The minimum wage trap

One of the most dangerous policies to our economic health is the push to raise the minimum wage to $15 per hour, what they call a living wage. $15 per hour is certainly not a living wage in San Francisco and many other big cities but it will absolutely destroy jobs, reduce opportunities, take away choices and raise costs in struggling rural, midsize and large cities throughout the U.S. It will also make the U.S. less competitive with the rest of the World encouraging companies to move production to lower cost areas raising the trade deficit. The poor and middle class (especially senior citizens and the disabled) on fixed incomes will be greatly harmed because they will not benefit from the higher wage, but they will be greatly penalized by the higher costs. Is it wise to raise the minimum wage throughout the country when youth, minority, the less educated and inner city residents have high unemployment rates?

 Here are Walmart's and Amazon's net profit margins for the last several years. They are extremely low, almost always below 4% of sales. It is obvious that the higher you force their costs, through taxes, wages, health care and other regulations the more they are either forced to raise prices or close marginal stores and lay off people to try to survive. They will also automate more. It is important to recognize that a full time minimum wage worker at $15 per hour will actually cost around $20 per hour when you take into account Social Security taxes, Medicare taxes, unemployment taxes, workman’s compensation insurance and mandatory health insurance. This does not include mandatory paid leave, 401K or other benefits.

The minimum wage never would feed a family of three or four. The 1950’s and 1960’s were very good economically in the U.S. and the minimum wage went up to $1.40 per hour in 1967 or around $2,800 per year.

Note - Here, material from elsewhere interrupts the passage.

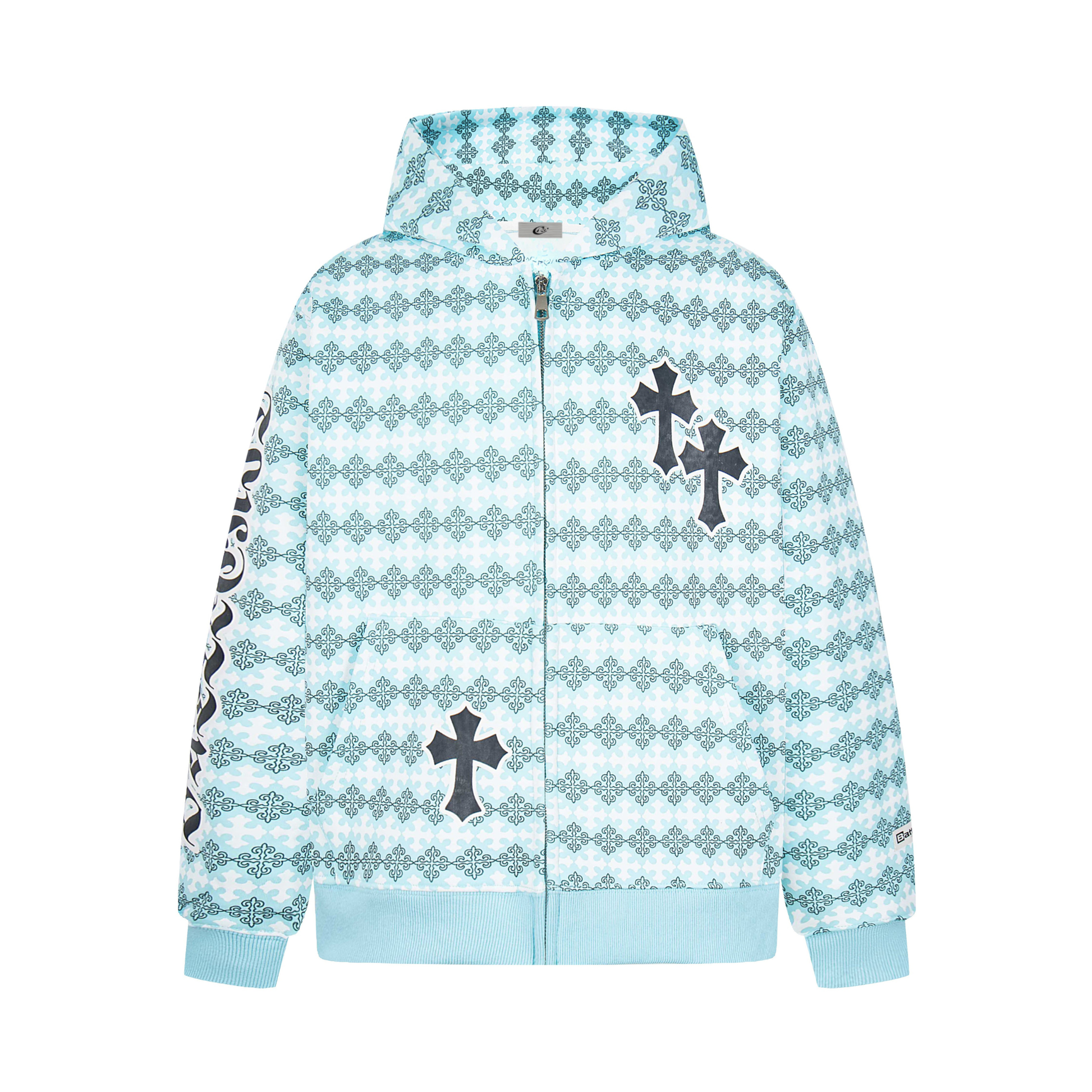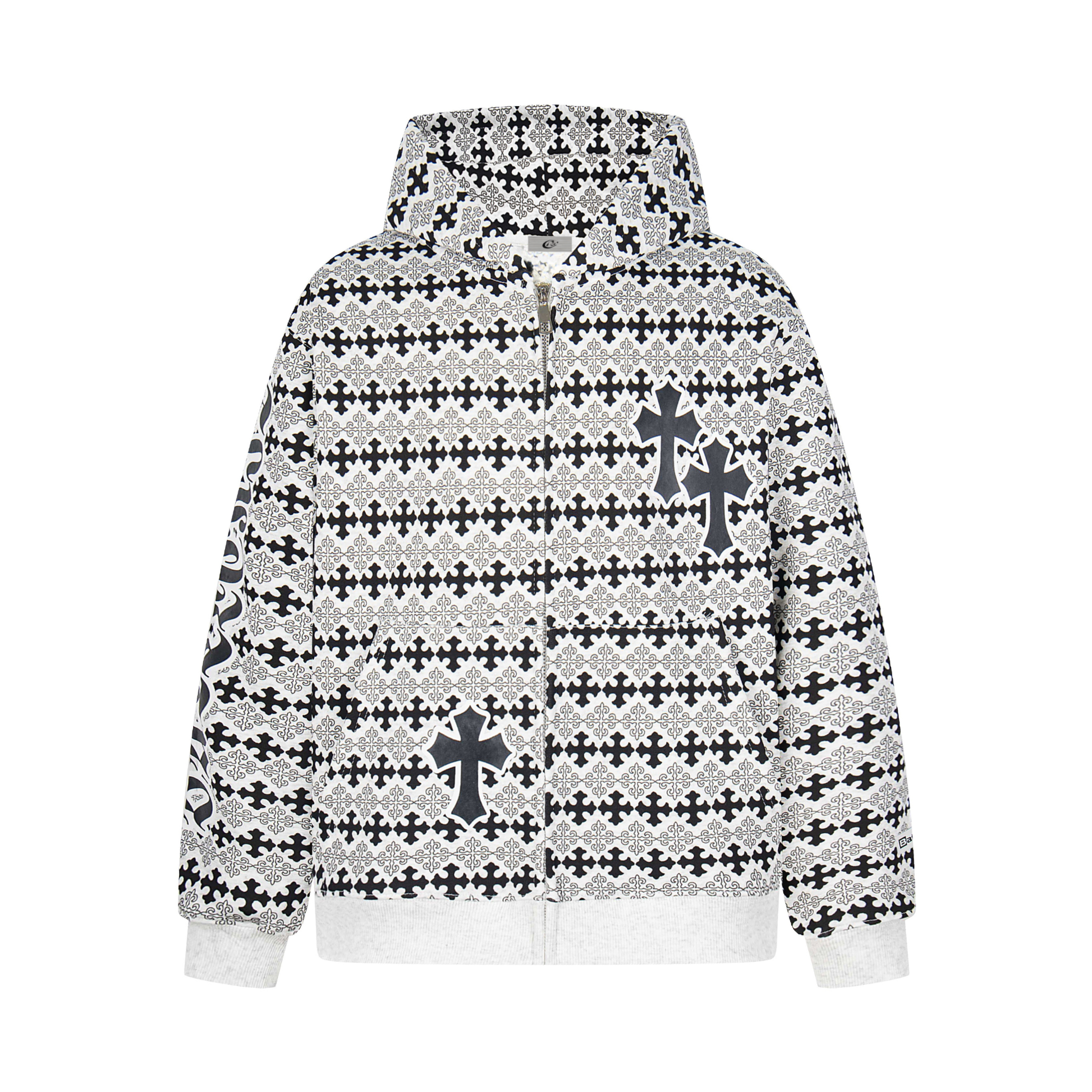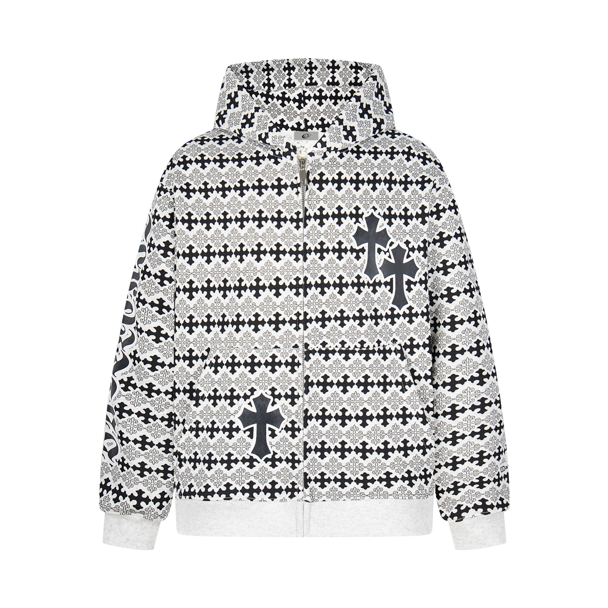 Clothing details: All-over cross pattern, Gothic embroidery and print, full front zipper, ribbed hem and cuffs, adjustable hood, soft fleece interior, and relaxed oversized fit

The median family income was around $8,000.  The median family income in 1967 was $7,200

Here is a great article about progressives, eugenics and the minimum wage. The progressives in the late 1800's and early 1900's pushed higher minimum wages to price out undesirables. The theory was if you forced wages high enough undesirables wouldn't reproduce. There was no social safety net at the time to protect those who were unable to get a job.

One of the reasons given to increase the minimum wage is to reduce income inequality. It will actually increase inequality by putting more people out of work. The Washington, DC area (Where they produce almost nothing but laws and regulations) has done very well the last seven years while median family income through most of the rest of the country has been stagnant at best.  Most of the wealthiest counties in the United States are around DC.

If we would like to reduce inequality we should leave more money in the private sector’s hands to spread throughout the economy. The solution Obama, Hillary and Bernie propose most often to speed up the economy is to take more money from the rest of the country and giving it to DC, thereby increasing the inequality.

Another statement that is continually made is that the rich are getting richer. That is not always true. The true statement is that the richest 1% today are richer than the richest 1% were ten years ago. Thank goodness that is true or the economy wouldn't be growing. The majority of the original Forbes 400 from 1987 aren't on the list anymore, which means many have dropped off and have been replaced by other people and families who have moved up. Thank goodness in capitalist economies that so many have the chance to move up the economic ladder. We should celebrate successful people and businesses instead of chastising them. Businesses cease to exist and others take the list as the richest.

The quickest way to reduce wealth and income inequality is to have stock prices, real estate prices and businesses collapse. It will certainly cause the rich to be much poorer but it will also greatly harm the poor and middle class. Is the reduction in inequality worth it?

In summary, raising the minimum wage to high unsustainable levels will help some but will cause hardships through higher inflation to all of us. It sounds good but will inevitably lead to more dependency on the government when opportunities for entry level laws are lost. This will lead to more inequality not less. Cost-push inflation is very destructive.